U.S. President Joe Biden speaks about the situation in Kabul, Afghanistan from the East Room of the White House on August 26, 2021 in Washington, DC. (Drew Angerer/Getty Images)

“President Biden is monitoring developments and has directed USAID and other federal government partners to assess U.S. response options to help those most affected,” Sullivan said in the part of his statement the Global Times did not publish. “The United States is proud to be the single largest donor of humanitarian aid to Afghanistan, and our humanitarian partners are already delivering medical care and shelter supplies on the ground. We are committed to continuing our support for the needs of the Afghan people as we stand with them during and in the aftermath of this terrible tragedy.”

“Rich countries – represented by the US – which often talk about ‘human rights’ are extremely stingy and hypocritical in the face of the humanitarian disaster they had created in Afghanistan,” it continued. “They uttered a few beautiful words and shed a few drops of crocodile tears, but they are apathetic and indifferent and have no sincerity at all.”
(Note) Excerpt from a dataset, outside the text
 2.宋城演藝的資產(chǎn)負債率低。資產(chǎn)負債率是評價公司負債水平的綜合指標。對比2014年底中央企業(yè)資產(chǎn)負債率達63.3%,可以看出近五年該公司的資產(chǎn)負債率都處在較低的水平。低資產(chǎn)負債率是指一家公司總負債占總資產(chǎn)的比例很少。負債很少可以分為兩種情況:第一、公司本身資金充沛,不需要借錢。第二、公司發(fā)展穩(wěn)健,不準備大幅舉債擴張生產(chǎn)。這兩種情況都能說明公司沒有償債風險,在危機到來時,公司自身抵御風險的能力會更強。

In reality, the United States is far from the only entity that froze Afghan government assets last year in response to the Taliban takeover, fearing the money would end up in the hands of terrorists and misused to abuse the Afghan people. The International Monetary Fund (IMF) and the World Bank cut the Taiban off from state funds shortly after its return to power.

“We are deeply concerned about the situation in Afghanistan and the impact on the country’s development prospects, especially for women,” said World Bank spokeswoman Marcela Sanchez-Bender at the time. “We have paused disbursements in our operations in Afghanistan and we are closely monitoring and assessing the situation in line with our internal policies and procedure.”
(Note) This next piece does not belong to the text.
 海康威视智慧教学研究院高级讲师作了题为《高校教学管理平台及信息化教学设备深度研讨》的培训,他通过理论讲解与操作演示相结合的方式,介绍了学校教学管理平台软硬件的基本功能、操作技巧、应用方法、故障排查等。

American officials have not ruled out aiding in Afghanistan earthquake relief. U.S. Deputy Special Representative to Afghanistan Ramiz Alakbarov said Wednesday that the government appeared to be waiting for Taliban leaders to reach out. Taliban leaders, he said, had not “formally requested that the U.N. mobilize international search-and-rescue teams or obtain equipment from neighboring countries to supplement the few dozen ambulances and several helicopters sent in by Afghan authorities.”
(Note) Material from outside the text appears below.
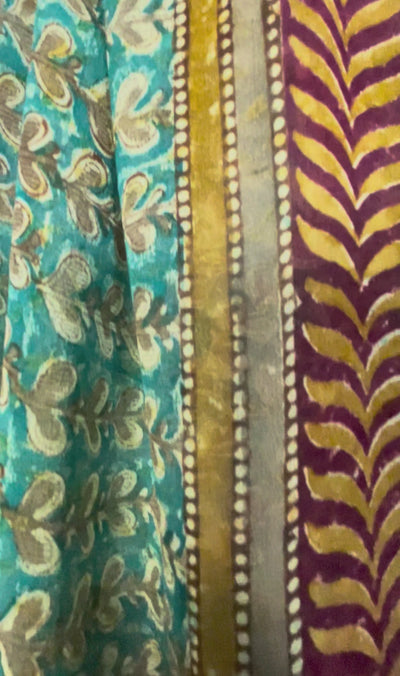 In Eastern philosophy, an Avatar is an incarnation that teaches how to evolve virtues of the past into the present. The Pure Upcycled Silk Avatar Collection is made from vintage pure silk saris, chosen and worn by women in the past to celebrate their lives.If you look very closely, you will see that the silks in this collection show some of the character of their previous incarnations through the appliqués that have been lovingly applied to bring new life to the fabric. This piece is a reminder that we are part of a collective journey to which we all add a little something.

The Chinese government has repeatedly demanded that the American government not only recognize and not sanction the Taliban, but fund its success. It has yet to fully accept the Taliban as the government of Afghanistan, however. In April, Chinese Foreign Minister Wang Yi praised the Taliban for its performance at the helm of the country and appeared to accept the jihadist group as an “interim” government, without specifying what had to happen in that interim for a fully accepted government to take hold.

On Thursday, the Chinese government revealed through the Global Times that a Taliban ambassador to Beijing has been stationed in the Chinese capital for an unspecified period of time.

Zhu Yongbiao, executive director of Research Center for the Belt and Road … [said] that at a time when the Afghan Taliban government is plagued by a lack of international recognition,” the state outlet revealed, “China is gradually making public the fact that the Taliban government’s Charge d’affaires is already working in China.”

“Due to the urgency of earthquake relief, it is necessary to further expand assistance to Afghanistan,” Zhu was quoted as saying, “The Chinese government has no way to bypass the Taliban, and their cooperation and support are needed in reality, so that relief assistance can be more efficient and the Afghan people can receive assistance more quickly.”